_EXERCISE DATA_
§

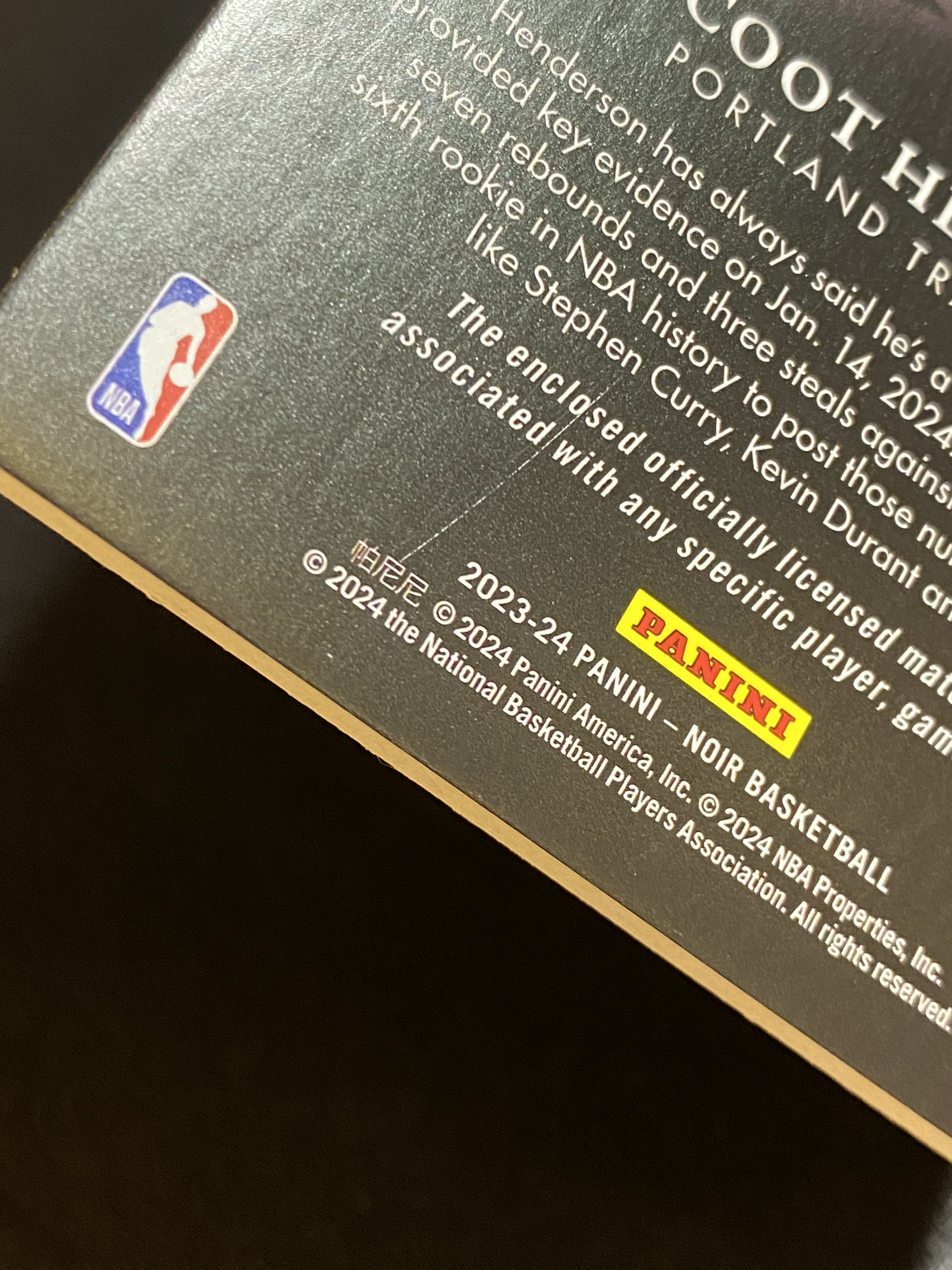2023-24 Panini Noir Scoot Henderson RC 诺尔系列 开拓者 新秀 斯库特 亨德森 小窗patch 3/25编 暴力切割 微瑕如图 拍卡请看描述 「粉总」
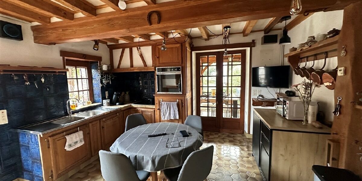 Une superbe maison d’habitation type longère comprenant en Rez-de-Chaussée : vaste séjour cathédrale avec cheminée, second salon, cuisine aménagée, véranda, salle d’eau avec WC, chaufferie. A l’étage : palier desservant 2 chambres, dégagement, WC, salle de bains. Nombreux rangements. Dépendance à l’extérieur. Bûcher. Le tout sur 1 388m² de terrain clos et arboré.
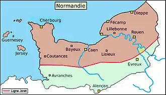 Het Normandisch wordt in een noordelijk en zuidelijk deel gesplitst door de isoglosse Ligne Joret. Deze markeert het verschil tussen tchièn ("hond") in het noorden en kièn in het zuiden.
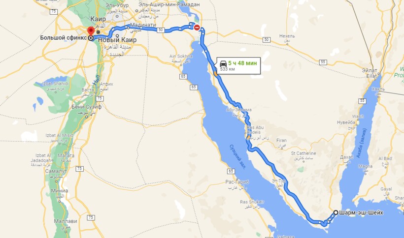 Популярный курорт Шарм-эш-Шейх и столицу Египта разделяют порядка 500 км. Как и из Хургады, из этого города в Каир ежедневно выполняются прямые авиарейсы а/к EgyptAir, Nile Air и Air Arabia Egypt. Стоимость билета в одну сторону начинается от 60 $ (4300 руб.).

§

_WHAT TO PRODUCE_
Each line from the first line of the listing above through the line containing "Une superbe maison" is to be written out exactly, and the pictures are to be left out.

_SOLUTION BELOW_
2023-24 Panini Noir Scoot Henderson RC 诺尔系列 开拓者 新秀 斯库特 亨德森 小窗patch 3/25编 暴力切割 微瑕如图 拍卡请看描述 「粉总」
 Une superbe maison d’habitation type longère comprenant en Rez-de-Chaussée : vaste séjour cathédrale avec cheminée, second salon, cuisine aménagée, véranda, salle d’eau avec WC, chaufferie. A l’étage : palier desservant 2 chambres, dégagement, WC, salle de bains. Nombreux rangements. Dépendance à l’extérieur. Bûcher. Le tout sur 1 388m² de terrain clos et arboré.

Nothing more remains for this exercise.